Снег сойдет — и зацветут в степи маки, целые моря пламенеющих маков, да каких
же крупных, — или так только казалось по тогдашней малости? Рыба — осетр длиной
в лодку или там белуга, голова не помещалась на корме, и все фотографировались
рядом с нею. Когда шла селедка, в косяк можно было багор воткнуть, и двигаться
вместе с рыбой, не падая; а крупная вобла с конца апреля по начало мая
цеплялась по три штуки на самодур. И верблюды, как
желтые холмы, на окраинах…
Ему
вдруг вспомнилось, как было смешно, когда передвижной зоопарк привез в город
такого привычного здесь верблюда, потом припомнилась поездка с родителями на
соленое озеро Баскунчак с летящими над его сверкающим простором лебедями, и
вспомнились розовые фламинго на отмели, и зачем-то возвратилось то давно уж не
нужное знание, что для полива садов и огородов воду в Старокучергановку
завозят в цистернах, потому что из тамошних
артезианских колодцев идет только горько-соленая вода…
Кормакову
стало хорошо — от воспоминаний и непривычной бездумной праздности, да и город,
уютный, с его тенистыми скверами, повсеместными ресторанчиками и шашлычными аль фреско, шикарным кафе «Шарлау» на месте старой кондитерской и отреставрированными
особняками прославленных своей благотворительностью русских, татарских и
армянских купцов тешил и подогревал волшебными иллюзиями налетевшее на Кормакова благодушие — ему сызнова, как бывало в пасмурном
Брюсселе, явилась настырная мысль о том, что неплохо было бы вернуться на
родину и провести в теплой Астрахани остаток дней, и Кормаков
не тотчас и отогнал ее, как нечто несусветное и чересчур уж простосердечное. Главное, люди были как люди, не слишком хмурые и вовсе не злые, а
некоторые даже и веселые: они шли мимо Кормакова по
своим неизвестным, но, наверное, важным делам и побегушкам, сидели в открытых
кафе и городских садах, покупали с уличных стендов дешевые, уж наверняка
пиратские CD и DVD-диски, а одна светло-русая девочка, лет десяти, в
открывающей чистый лобик красной вязаной шапочке играла на флейте
мелодию из фильма «Титаник».
То
есть, это Кормакову показалось, что на флейте, а на
деле оказалось, что на курае — татарской свирели,
переливного журчания которой давно уже не слыхивал загулявший за бугром Кормаков.

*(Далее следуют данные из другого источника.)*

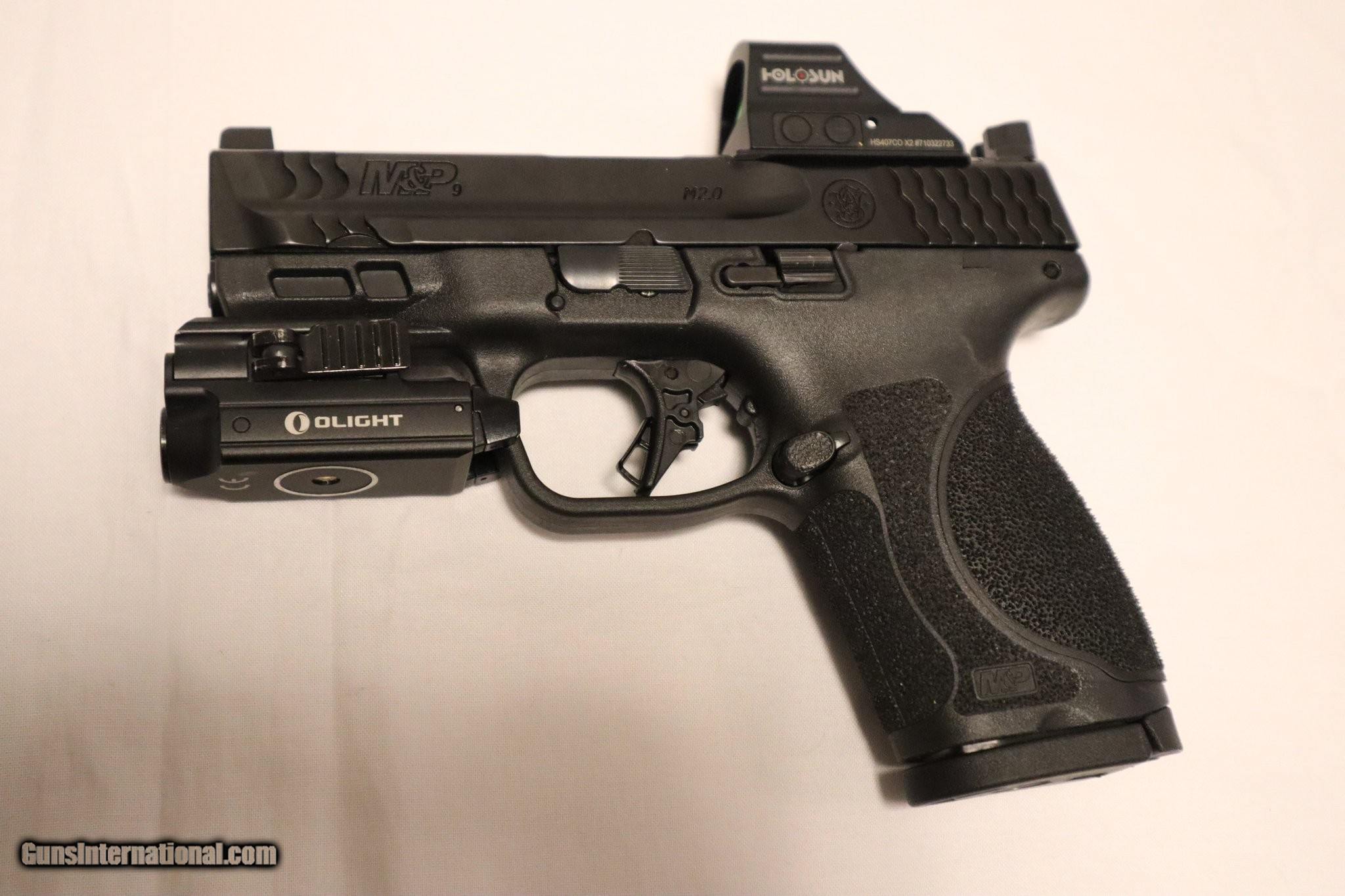 Description: Guns Listing ID: 589542 Smith & Wesson M&P9 M2.0 — 9mm With Holosun Reflex sight and Vlkkyrie PL-Mini Olight. Condition: Excellent in Original Box Price : $599 Description: For sale: Smith & Wesson M&P9 M2.0 chambered in 9×19mm. This is the popular M2.0 platform — crisp trigger, textured grip, and improved chassis over the original M&P. Great carry or range gun. Details / Specs Model: M&P9 M2.0 Caliber: 9mm Barrel length: 3.6\" Frame: Polymer, black Sights: Stock 3-dot Capacity:15 Round Magazine included Accessories included: -Factory box -1 Factory magazine -Spare backstraps -Lock -Holosun HS407CO Reflex Sight -Valkyrie PL-Mini Olight Manufacturer: SMITH & WESSON Model: M&P M2.0 Optic Ready Caliber Info: 9MM LUGER (9X19 PARA) Condition: Used - Non-Certified Barrels: 3.6" BARREL Action: STRIKER FIRED Finish: MATTE BLACK Weight: 1.5 LBS. Price: $599.99 Contact Seller |

Он, грешным делом, сначала
подумал, что это прекрасное, но современное дитя, подобно бельгийским уличным лабухам, дудит в этом сквозном, выходящем на Кутум сквере
за деньги и даже заранее нащупал в кармане своих белых штанов какую-то рублевую
мелочь, однако тотчас же увидел, что девочка не одна: на серой скамейке рядом с
ней сидела еще совсем не старая женщина в белом платье и тут же стояло
на колесах высокое инвалидное креслице с еще одним удивительным существом. Это,
догадался Кормаков, единое семейство, и Красная
шапочка с татарской дудочкой, должно быть, была старшая сестренка той малышки,
что сидела в коляске. Только подойдя ближе, он разглядел, что дело обстояло
совсем наоборот: крохотное создание с невесомым кукольным тельцем и
миниатюрными ручками оказалось как раз старшей сестрой… По
обрамленному длинными прямыми волосами лицу, по ее страдательному лику с
огромными влажно-черными глазами и по золотому перстню с зеленым камушком на
крошечном безымянном пальчике Кормаков определил, что
малышке в креслице не меньше семнадцати лет, да так оно и вышло, потому что ее
матери явно захотелось поговорить со странным прохожим в широкой шляпе.
Он
подсел на скамейку — разговорились.
—
Она у нас даже на Эльбрус поднималась, — гордо рассказывала женщина. — Мы,
знаете, каждый год ездим в Пятигорск, в санаторий, и вот один раз Земфира (мою
старшую Земфирой зовут, а младшенькую — Айнур, а меня
— Сания) увидела на закате двойную вершину Эльбруса и
говорит: «Энием (это мама по-татарски), энием, хочу, говорит, туда!» А для меня
что она ни захочет — уже давно закон. Думала-думала (я ведь сама врач, а ей сколько всего надо на всякий случай), но — решилась.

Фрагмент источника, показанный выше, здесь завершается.